* _MATERIAL FOR THIS EXERCISE_
###

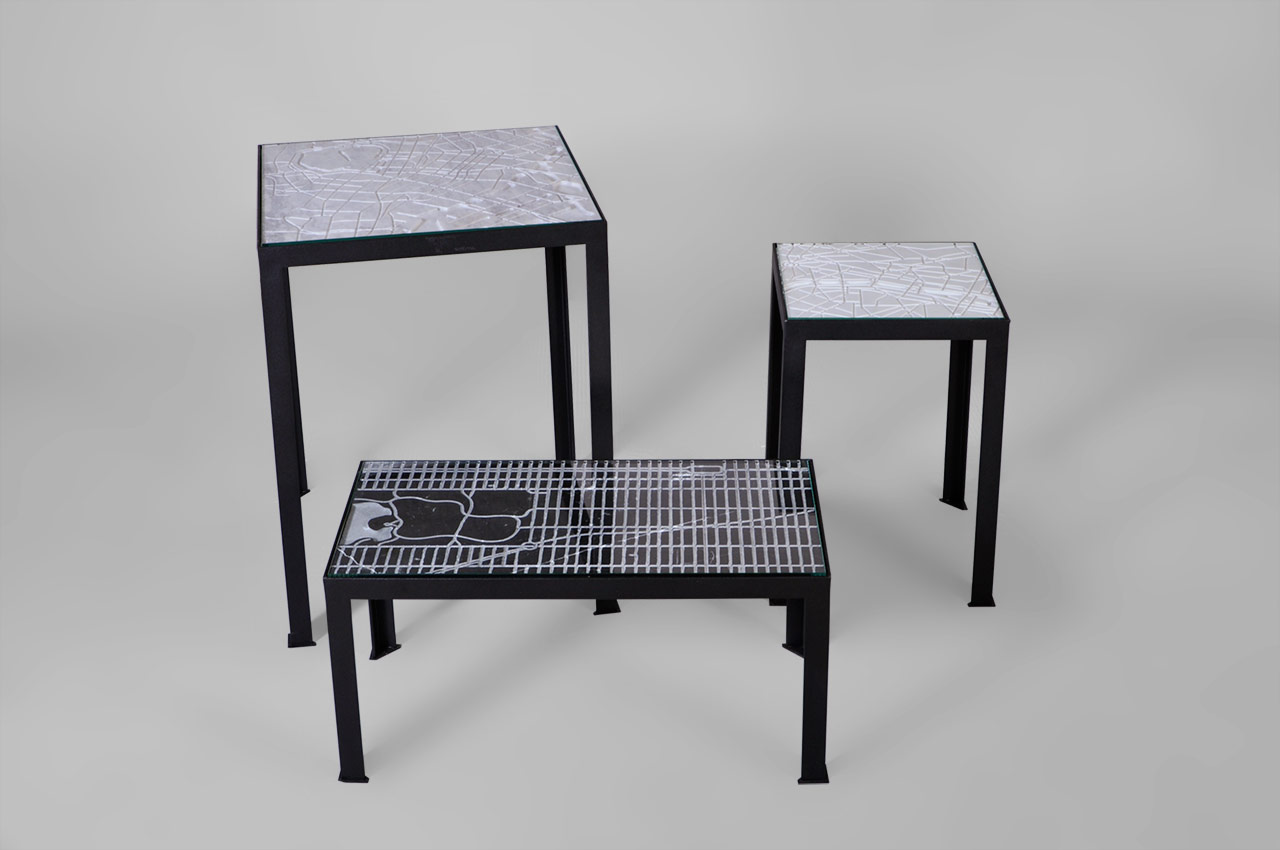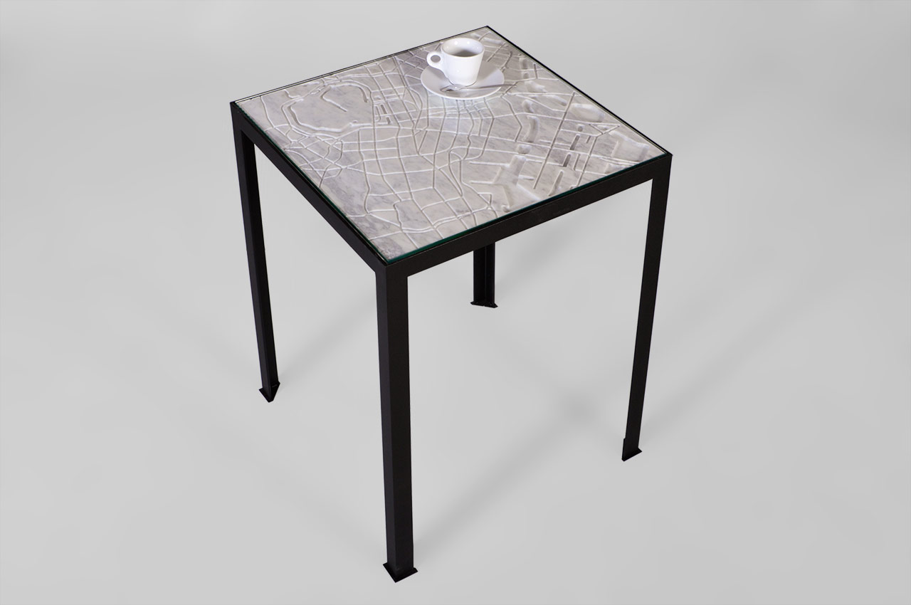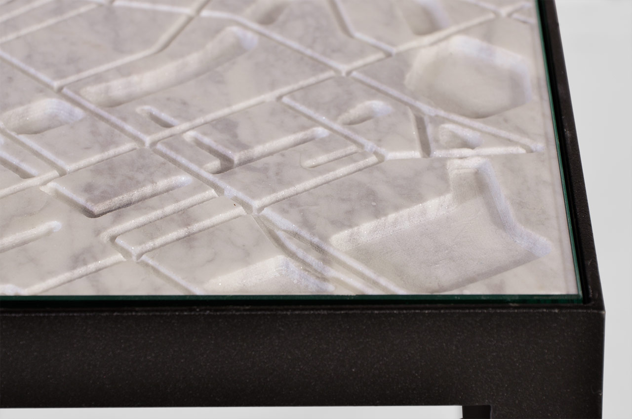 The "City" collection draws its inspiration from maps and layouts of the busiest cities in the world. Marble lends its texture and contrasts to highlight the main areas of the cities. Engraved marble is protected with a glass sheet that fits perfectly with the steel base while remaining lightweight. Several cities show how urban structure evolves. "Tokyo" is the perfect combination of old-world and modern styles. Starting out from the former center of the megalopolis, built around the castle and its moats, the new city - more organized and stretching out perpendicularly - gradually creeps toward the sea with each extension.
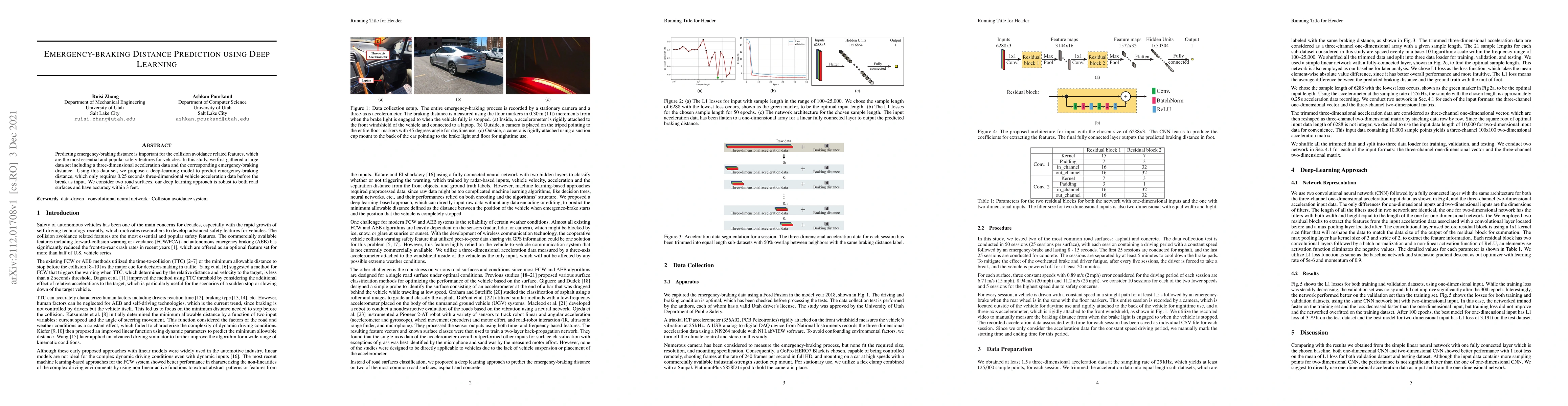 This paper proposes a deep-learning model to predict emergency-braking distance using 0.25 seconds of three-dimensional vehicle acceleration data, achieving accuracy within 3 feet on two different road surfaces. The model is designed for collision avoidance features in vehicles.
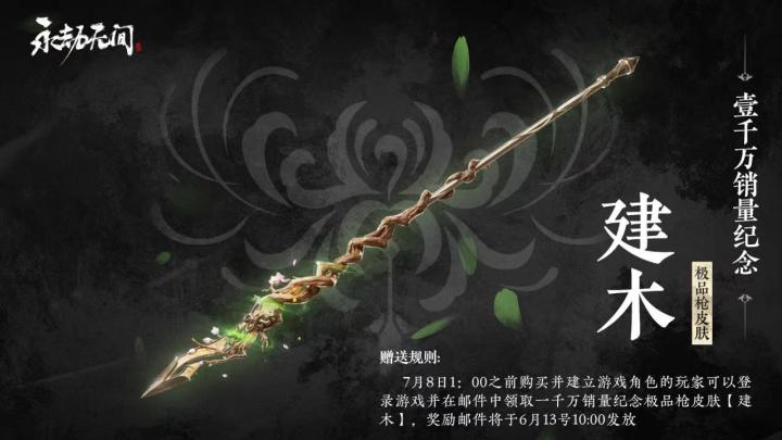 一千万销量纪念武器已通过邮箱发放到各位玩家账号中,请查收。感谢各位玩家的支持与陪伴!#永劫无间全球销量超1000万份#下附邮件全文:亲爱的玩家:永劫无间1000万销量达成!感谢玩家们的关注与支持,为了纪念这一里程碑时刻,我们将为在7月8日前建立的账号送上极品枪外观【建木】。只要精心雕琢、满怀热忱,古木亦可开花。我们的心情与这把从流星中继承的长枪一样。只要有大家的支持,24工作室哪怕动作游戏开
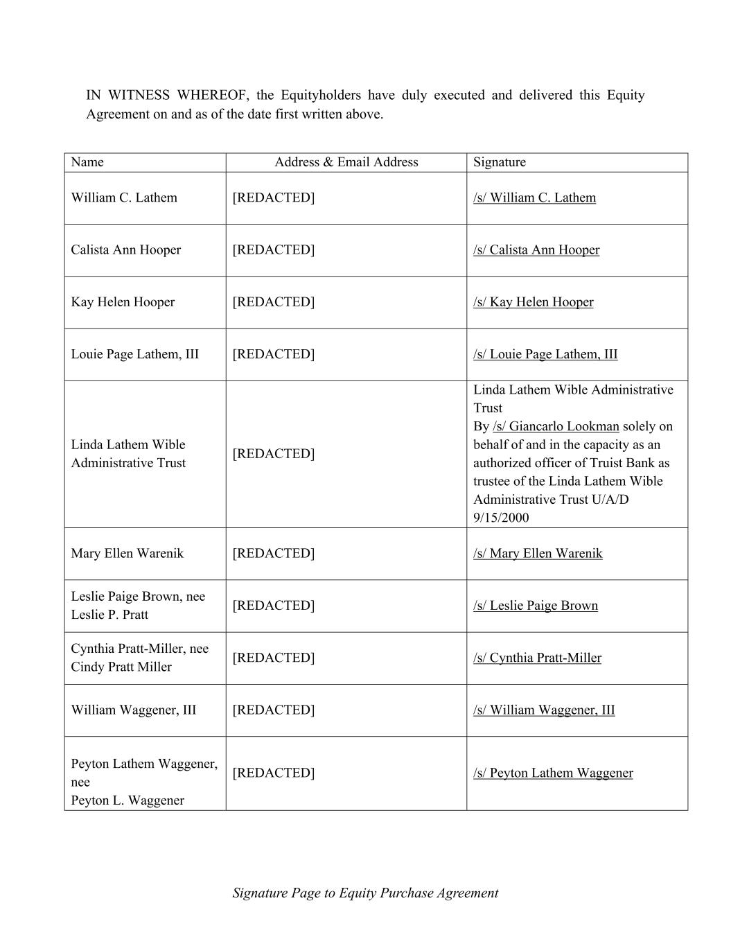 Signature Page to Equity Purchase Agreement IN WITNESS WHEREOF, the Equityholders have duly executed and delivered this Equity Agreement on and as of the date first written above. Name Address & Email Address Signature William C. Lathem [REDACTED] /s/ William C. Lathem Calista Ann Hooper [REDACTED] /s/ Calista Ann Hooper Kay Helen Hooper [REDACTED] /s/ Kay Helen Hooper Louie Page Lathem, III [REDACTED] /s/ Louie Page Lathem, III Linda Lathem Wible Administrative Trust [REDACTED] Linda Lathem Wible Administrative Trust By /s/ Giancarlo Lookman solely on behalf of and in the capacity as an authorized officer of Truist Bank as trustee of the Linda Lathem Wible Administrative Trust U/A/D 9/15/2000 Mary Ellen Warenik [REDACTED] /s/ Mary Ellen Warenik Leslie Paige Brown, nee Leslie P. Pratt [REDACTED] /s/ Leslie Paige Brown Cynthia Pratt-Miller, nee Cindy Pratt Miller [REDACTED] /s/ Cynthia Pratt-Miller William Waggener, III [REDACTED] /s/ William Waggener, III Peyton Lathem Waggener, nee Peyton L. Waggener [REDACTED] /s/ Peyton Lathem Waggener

###

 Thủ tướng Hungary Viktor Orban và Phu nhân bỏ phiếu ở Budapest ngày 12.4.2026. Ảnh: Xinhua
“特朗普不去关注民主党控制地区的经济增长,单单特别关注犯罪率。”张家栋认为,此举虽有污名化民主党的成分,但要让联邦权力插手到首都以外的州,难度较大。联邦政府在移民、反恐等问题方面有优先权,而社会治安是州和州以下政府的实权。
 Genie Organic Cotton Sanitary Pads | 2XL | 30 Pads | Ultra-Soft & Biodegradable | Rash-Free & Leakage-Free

###

* _WORK TO BE COMPLETED_
Retype, exactly and with no pictures, everything above from the line with "This paper proposes" down to the line with "Signature Page to", both included.

* _SOLVED EXERCISE_
 This paper proposes a deep-learning model to predict emergency-braking distance using 0.25 seconds of three-dimensional vehicle acceleration data, achieving accuracy within 3 feet on two different road surfaces. The model is designed for collision avoidance features in vehicles.
 一千万销量纪念武器已通过邮箱发放到各位玩家账号中,请查收。感谢各位玩家的支持与陪伴!#永劫无间全球销量超1000万份#下附邮件全文:亲爱的玩家:永劫无间1000万销量达成!感谢玩家们的关注与支持,为了纪念这一里程碑时刻,我们将为在7月8日前建立的账号送上极品枪外观【建木】。只要精心雕琢、满怀热忱,古木亦可开花。我们的心情与这把从流星中继承的长枪一样。只要有大家的支持,24工作室哪怕动作游戏开
 Signature Page to Equity Purchase Agreement IN WITNESS WHEREOF, the Equityholders have duly executed and delivered this Equity Agreement on and as of the date first written above. Name Address & Email Address Signature William C. Lathem [REDACTED] /s/ William C. Lathem Calista Ann Hooper [REDACTED] /s/ Calista Ann Hooper Kay Helen Hooper [REDACTED] /s/ Kay Helen Hooper Louie Page Lathem, III [REDACTED] /s/ Louie Page Lathem, III Linda Lathem Wible Administrative Trust [REDACTED] Linda Lathem Wible Administrative Trust By /s/ Giancarlo Lookman solely on behalf of and in the capacity as an authorized officer of Truist Bank as trustee of the Linda Lathem Wible Administrative Trust U/A/D 9/15/2000 Mary Ellen Warenik [REDACTED] /s/ Mary Ellen Warenik Leslie Paige Brown, nee Leslie P. Pratt [REDACTED] /s/ Leslie Paige Brown Cynthia Pratt-Miller, nee Cindy Pratt Miller [REDACTED] /s/ Cynthia Pratt-Miller William Waggener, III [REDACTED] /s/ William Waggener, III Peyton Lathem Waggener, nee Peyton L. Waggener [REDACTED] /s/ Peyton Lathem Waggener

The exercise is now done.